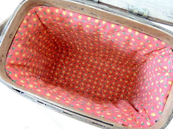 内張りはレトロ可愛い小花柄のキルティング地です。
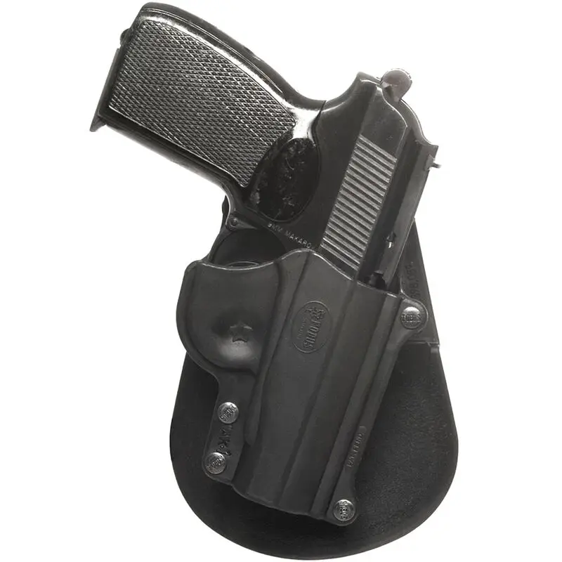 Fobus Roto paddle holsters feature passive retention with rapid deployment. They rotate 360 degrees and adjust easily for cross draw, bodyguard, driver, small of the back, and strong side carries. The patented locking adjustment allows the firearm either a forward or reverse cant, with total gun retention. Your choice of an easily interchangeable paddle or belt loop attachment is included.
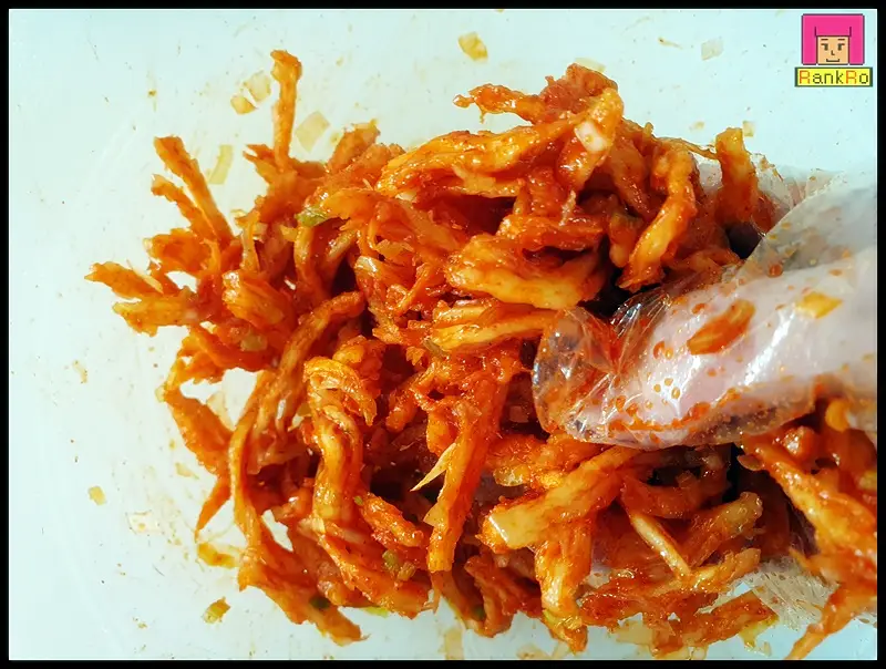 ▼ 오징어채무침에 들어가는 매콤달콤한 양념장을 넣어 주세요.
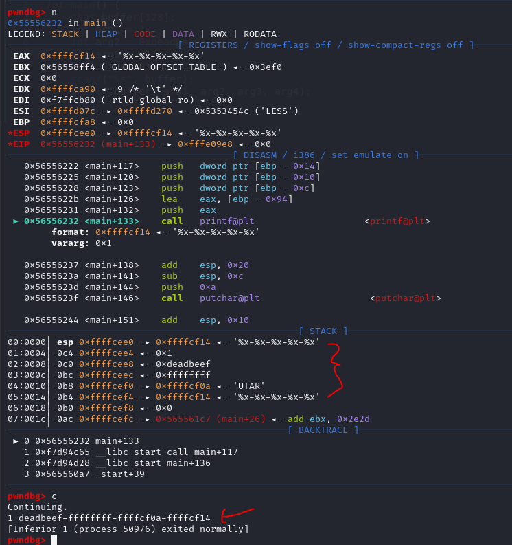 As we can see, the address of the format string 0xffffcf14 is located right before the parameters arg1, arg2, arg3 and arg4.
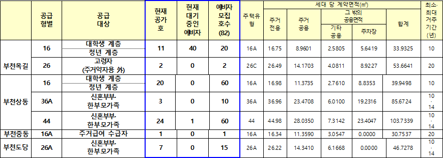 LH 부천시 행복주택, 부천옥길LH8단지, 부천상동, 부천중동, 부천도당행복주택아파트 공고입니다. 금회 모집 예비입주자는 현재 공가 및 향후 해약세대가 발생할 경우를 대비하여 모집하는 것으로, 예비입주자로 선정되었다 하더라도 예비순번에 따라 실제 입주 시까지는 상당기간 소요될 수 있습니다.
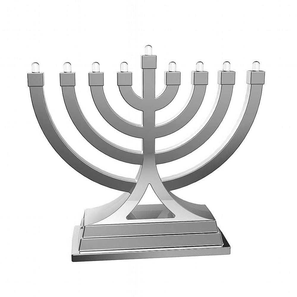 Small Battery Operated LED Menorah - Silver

## TASK OBJECTIVE:
Restate it all word for word: every record, no pictures.

## RESULT OF THE TASK:
 内張りはレトロ可愛い小花柄のキルティング地です。
 Fobus Roto paddle holsters feature passive retention with rapid deployment. They rotate 360 degrees and adjust easily for cross draw, bodyguard, driver, small of the back, and strong side carries. The patented locking adjustment allows the firearm either a forward or reverse cant, with total gun retention. Your choice of an easily interchangeable paddle or belt loop attachment is included.
 ▼ 오징어채무침에 들어가는 매콤달콤한 양념장을 넣어 주세요.
 As we can see, the address of the format string 0xffffcf14 is located right before the parameters arg1, arg2, arg3 and arg4.
 LH 부천시 행복주택, 부천옥길LH8단지, 부천상동, 부천중동, 부천도당행복주택아파트 공고입니다. 금회 모집 예비입주자는 현재 공가 및 향후 해약세대가 발생할 경우를 대비하여 모집하는 것으로, 예비입주자로 선정되었다 하더라도 예비순번에 따라 실제 입주 시까지는 상당기간 소요될 수 있습니다.
 Small Battery Operated LED Menorah - Silver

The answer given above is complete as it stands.